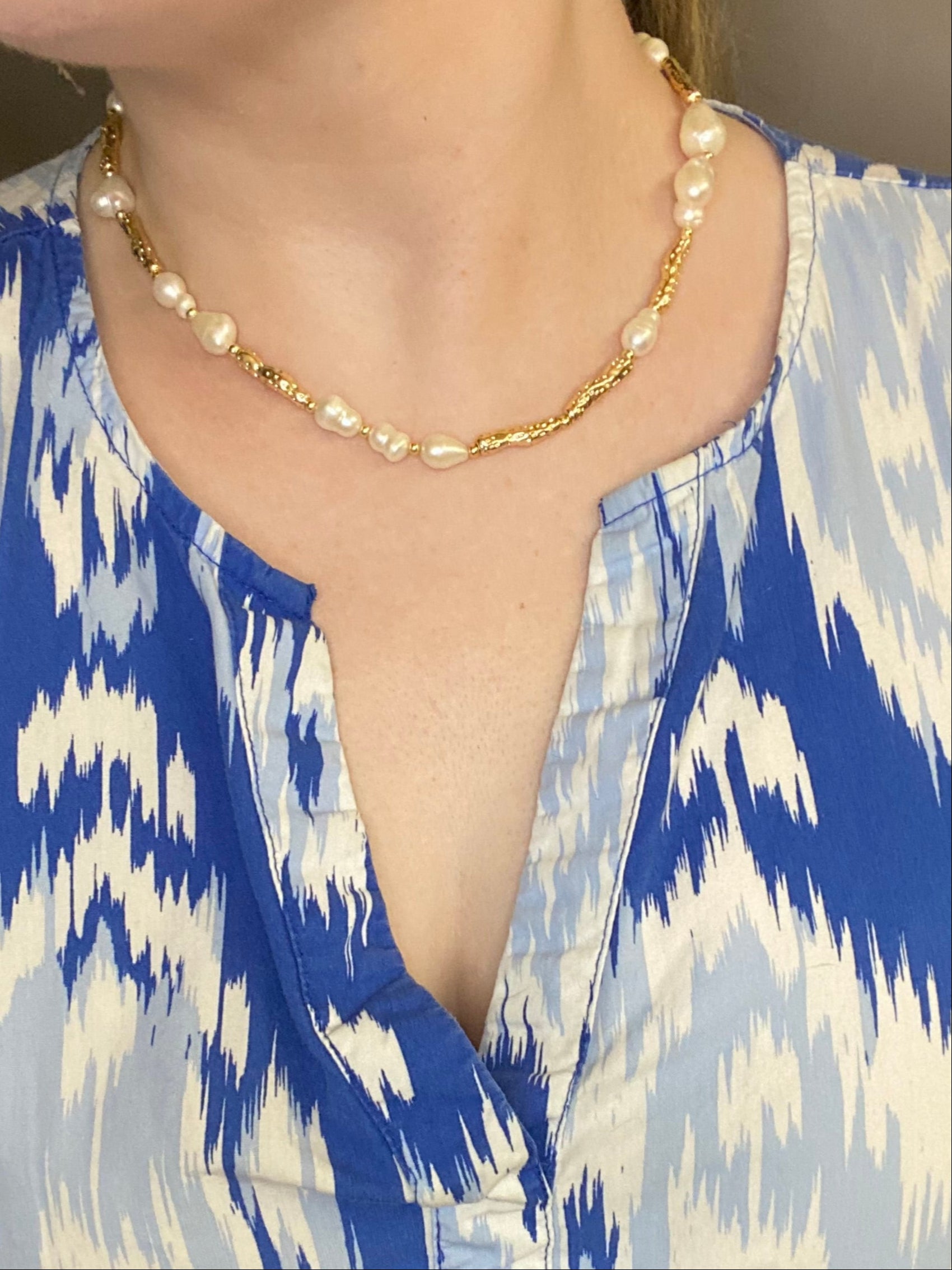 Classic with a modern glow, the Solenne necklace brings a fresh elegance to your everyday jewelry wardrobe. Hand-strung with radiant Freshwater Pearls and accented by gold-fill textured spacer beads, this 18" strand adds soft luster and warmth in perfect proportion. Finished with a delicate extender for adjustable length, Solenne is ideal for layering or wearing solo. Features a lobster clasp.
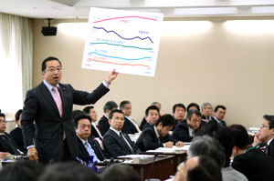 中山市議が人工島事業の中止、「稼ぐ都市」論を撤回して内需をあたためる施策への予算組み替えを提案すると、市長は内需をあたためることには同意したものの、「稼ぐ都市」論には固執し、人工島事業についても「最善の方向へ導く」として推進姿勢を示しました。
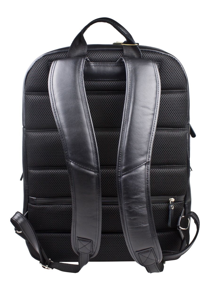 Кожаный рюкзак Vicoforte (Викофорте) выполнен из натуральной кожи черного цвета. Это очень большой и вместительный рюкзак для ноутбука, который может выполнить практически любую задачу своего владельца. Состоит из двух объемных отделений на молнии. Внутрь одного (ближе к спинке) помещается ноутбук с диагональю до 17,3 дюйма. Внутри второго карман на молнии, открытые карманы. Спереди: карман на молнии 27х22 см. Сзади: карман на молнии 30х14 см Сверху: карман на молнии 16х13 см По бокам: карманы на молнии 18х12 см. Спинка выполнена из мягкого сетчатого материала для вентиляции. Видеообзор рюкзака:
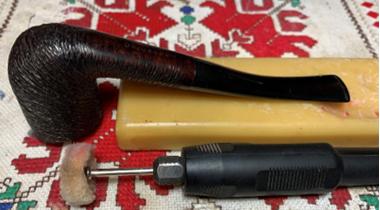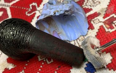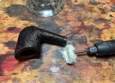 After reuniting stem and stummel, another cotton cloth wheel is mounted onto the rotary tool dedicated to applying wax. With the speed at about 40% full power, carnauba wax is applied to the pipe. After completing the wax, the pipe is giving a rigorous hand buffing with a microfiber cloth to remove excess wax and to raise the shine.
+ + + +
• **What you will do**
Every line from the start of the material through the line containing "中山市議が人工島事業の中止、" is needed exactly as written; the pictures are not.

• **Response**
 Classic with a modern glow, the Solenne necklace brings a fresh elegance to your everyday jewelry wardrobe. Hand-strung with radiant Freshwater Pearls and accented by gold-fill textured spacer beads, this 18" strand adds soft luster and warmth in perfect proportion. Finished with a delicate extender for adjustable length, Solenne is ideal for layering or wearing solo. Features a lobster clasp.
 中山市議が人工島事業の中止、「稼ぐ都市」論を撤回して内需をあたためる施策への予算組み替えを提案すると、市長は内需をあたためることには同意したものの、「稼ぐ都市」論には固執し、人工島事業についても「最善の方向へ導く」として推進姿勢を示しました。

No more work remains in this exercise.